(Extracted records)
------------

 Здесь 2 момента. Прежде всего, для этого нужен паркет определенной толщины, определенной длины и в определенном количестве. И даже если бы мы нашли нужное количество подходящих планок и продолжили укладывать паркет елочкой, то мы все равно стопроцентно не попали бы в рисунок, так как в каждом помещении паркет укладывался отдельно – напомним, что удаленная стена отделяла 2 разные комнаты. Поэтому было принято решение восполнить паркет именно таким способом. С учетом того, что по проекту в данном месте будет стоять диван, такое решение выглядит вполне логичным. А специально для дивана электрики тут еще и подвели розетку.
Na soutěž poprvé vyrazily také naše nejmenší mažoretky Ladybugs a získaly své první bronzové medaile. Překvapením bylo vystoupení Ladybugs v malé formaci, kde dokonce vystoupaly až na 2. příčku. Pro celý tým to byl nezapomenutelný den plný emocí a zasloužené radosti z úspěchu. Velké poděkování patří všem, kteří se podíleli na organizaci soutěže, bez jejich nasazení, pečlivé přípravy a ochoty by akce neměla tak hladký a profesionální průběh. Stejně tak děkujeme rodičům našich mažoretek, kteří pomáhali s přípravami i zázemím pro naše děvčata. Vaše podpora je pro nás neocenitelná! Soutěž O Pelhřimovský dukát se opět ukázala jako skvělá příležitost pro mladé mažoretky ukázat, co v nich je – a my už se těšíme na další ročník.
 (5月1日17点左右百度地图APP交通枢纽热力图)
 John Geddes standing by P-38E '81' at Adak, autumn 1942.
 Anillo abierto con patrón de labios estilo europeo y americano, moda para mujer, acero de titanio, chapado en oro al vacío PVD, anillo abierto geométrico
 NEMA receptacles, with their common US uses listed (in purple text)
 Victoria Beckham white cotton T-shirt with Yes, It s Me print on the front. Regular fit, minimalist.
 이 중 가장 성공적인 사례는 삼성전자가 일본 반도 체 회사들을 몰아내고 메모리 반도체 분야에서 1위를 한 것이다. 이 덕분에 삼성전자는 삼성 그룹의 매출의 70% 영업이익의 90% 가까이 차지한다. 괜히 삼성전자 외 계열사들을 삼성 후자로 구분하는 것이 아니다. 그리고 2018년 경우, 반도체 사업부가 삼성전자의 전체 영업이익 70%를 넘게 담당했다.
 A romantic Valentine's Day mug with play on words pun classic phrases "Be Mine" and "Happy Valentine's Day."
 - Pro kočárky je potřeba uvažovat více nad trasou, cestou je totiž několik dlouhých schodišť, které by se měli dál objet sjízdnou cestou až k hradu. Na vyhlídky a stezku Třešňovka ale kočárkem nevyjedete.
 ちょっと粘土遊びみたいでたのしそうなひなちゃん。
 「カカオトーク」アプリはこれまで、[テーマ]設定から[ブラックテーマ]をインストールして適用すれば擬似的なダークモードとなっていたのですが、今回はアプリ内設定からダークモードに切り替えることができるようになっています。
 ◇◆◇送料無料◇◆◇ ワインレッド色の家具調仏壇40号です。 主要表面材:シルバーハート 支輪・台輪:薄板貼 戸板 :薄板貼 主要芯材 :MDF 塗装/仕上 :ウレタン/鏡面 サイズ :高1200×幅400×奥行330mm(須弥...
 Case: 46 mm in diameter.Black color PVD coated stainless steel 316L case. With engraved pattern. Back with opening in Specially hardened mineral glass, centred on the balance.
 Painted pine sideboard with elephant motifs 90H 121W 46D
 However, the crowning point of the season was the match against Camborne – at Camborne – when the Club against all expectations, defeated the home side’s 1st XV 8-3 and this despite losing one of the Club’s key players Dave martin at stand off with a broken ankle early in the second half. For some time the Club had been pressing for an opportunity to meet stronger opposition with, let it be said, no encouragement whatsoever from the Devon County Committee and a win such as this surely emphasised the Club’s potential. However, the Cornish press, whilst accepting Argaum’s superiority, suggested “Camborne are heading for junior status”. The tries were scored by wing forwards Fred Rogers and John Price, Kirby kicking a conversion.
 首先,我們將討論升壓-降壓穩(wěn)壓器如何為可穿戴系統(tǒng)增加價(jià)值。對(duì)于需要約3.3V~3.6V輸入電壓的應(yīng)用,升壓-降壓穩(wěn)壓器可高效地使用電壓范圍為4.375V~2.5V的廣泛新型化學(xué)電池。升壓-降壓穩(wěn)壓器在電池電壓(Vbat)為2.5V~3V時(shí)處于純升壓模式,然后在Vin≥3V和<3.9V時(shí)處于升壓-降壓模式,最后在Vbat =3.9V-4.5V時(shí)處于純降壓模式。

------------

**DIRECTIONS FOR THIS TASK**. Return the data exactly, every line included.

**RESPONSE AREA**.
 Здесь 2 момента. Прежде всего, для этого нужен паркет определенной толщины, определенной длины и в определенном количестве. И даже если бы мы нашли нужное количество подходящих планок и продолжили укладывать паркет елочкой, то мы все равно стопроцентно не попали бы в рисунок, так как в каждом помещении паркет укладывался отдельно – напомним, что удаленная стена отделяла 2 разные комнаты. Поэтому было принято решение восполнить паркет именно таким способом. С учетом того, что по проекту в данном месте будет стоять диван, такое решение выглядит вполне логичным. А специально для дивана электрики тут еще и подвели розетку.
Na soutěž poprvé vyrazily také naše nejmenší mažoretky Ladybugs a získaly své první bronzové medaile. Překvapením bylo vystoupení Ladybugs v malé formaci, kde dokonce vystoupaly až na 2. příčku. Pro celý tým to byl nezapomenutelný den plný emocí a zasloužené radosti z úspěchu. Velké poděkování patří všem, kteří se podíleli na organizaci soutěže, bez jejich nasazení, pečlivé přípravy a ochoty by akce neměla tak hladký a profesionální průběh. Stejně tak děkujeme rodičům našich mažoretek, kteří pomáhali s přípravami i zázemím pro naše děvčata. Vaše podpora je pro nás neocenitelná! Soutěž O Pelhřimovský dukát se opět ukázala jako skvělá příležitost pro mladé mažoretky ukázat, co v nich je – a my už se těšíme na další ročník.
 (5月1日17点左右百度地图APP交通枢纽热力图)
 John Geddes standing by P-38E '81' at Adak, autumn 1942.
 Anillo abierto con patrón de labios estilo europeo y americano, moda para mujer, acero de titanio, chapado en oro al vacío PVD, anillo abierto geométrico
 NEMA receptacles, with their common US uses listed (in purple text)
 Victoria Beckham white cotton T-shirt with Yes, It s Me print on the front. Regular fit, minimalist.
 이 중 가장 성공적인 사례는 삼성전자가 일본 반도 체 회사들을 몰아내고 메모리 반도체 분야에서 1위를 한 것이다. 이 덕분에 삼성전자는 삼성 그룹의 매출의 70% 영업이익의 90% 가까이 차지한다. 괜히 삼성전자 외 계열사들을 삼성 후자로 구분하는 것이 아니다. 그리고 2018년 경우, 반도체 사업부가 삼성전자의 전체 영업이익 70%를 넘게 담당했다.
 A romantic Valentine's Day mug with play on words pun classic phrases "Be Mine" and "Happy Valentine's Day."
 - Pro kočárky je potřeba uvažovat více nad trasou, cestou je totiž několik dlouhých schodišť, které by se měli dál objet sjízdnou cestou až k hradu. Na vyhlídky a stezku Třešňovka ale kočárkem nevyjedete.
 ちょっと粘土遊びみたいでたのしそうなひなちゃん。
 「カカオトーク」アプリはこれまで、[テーマ]設定から[ブラックテーマ]をインストールして適用すれば擬似的なダークモードとなっていたのですが、今回はアプリ内設定からダークモードに切り替えることができるようになっています。
 ◇◆◇送料無料◇◆◇ ワインレッド色の家具調仏壇40号です。 主要表面材:シルバーハート 支輪・台輪:薄板貼 戸板 :薄板貼 主要芯材 :MDF 塗装/仕上 :ウレタン/鏡面 サイズ :高1200×幅400×奥行330mm(須弥...
 Case: 46 mm in diameter.Black color PVD coated stainless steel 316L case. With engraved pattern. Back with opening in Specially hardened mineral glass, centred on the balance.
 Painted pine sideboard with elephant motifs 90H 121W 46D
 However, the crowning point of the season was the match against Camborne – at Camborne – when the Club against all expectations, defeated the home side’s 1st XV 8-3 and this despite losing one of the Club’s key players Dave martin at stand off with a broken ankle early in the second half. For some time the Club had been pressing for an opportunity to meet stronger opposition with, let it be said, no encouragement whatsoever from the Devon County Committee and a win such as this surely emphasised the Club’s potential. However, the Cornish press, whilst accepting Argaum’s superiority, suggested “Camborne are heading for junior status”. The tries were scored by wing forwards Fred Rogers and John Price, Kirby kicking a conversion.
 首先,我們將討論升壓-降壓穩(wěn)壓器如何為可穿戴系統(tǒng)增加價(jià)值。對(duì)于需要約3.3V~3.6V輸入電壓的應(yīng)用,升壓-降壓穩(wěn)壓器可高效地使用電壓范圍為4.375V~2.5V的廣泛新型化學(xué)電池。升壓-降壓穩(wěn)壓器在電池電壓(Vbat)為2.5V~3V時(shí)處于純升壓模式,然后在Vin≥3V和<3.9V時(shí)處于升壓-降壓模式,最后在Vbat =3.9V-4.5V時(shí)處于純降壓模式。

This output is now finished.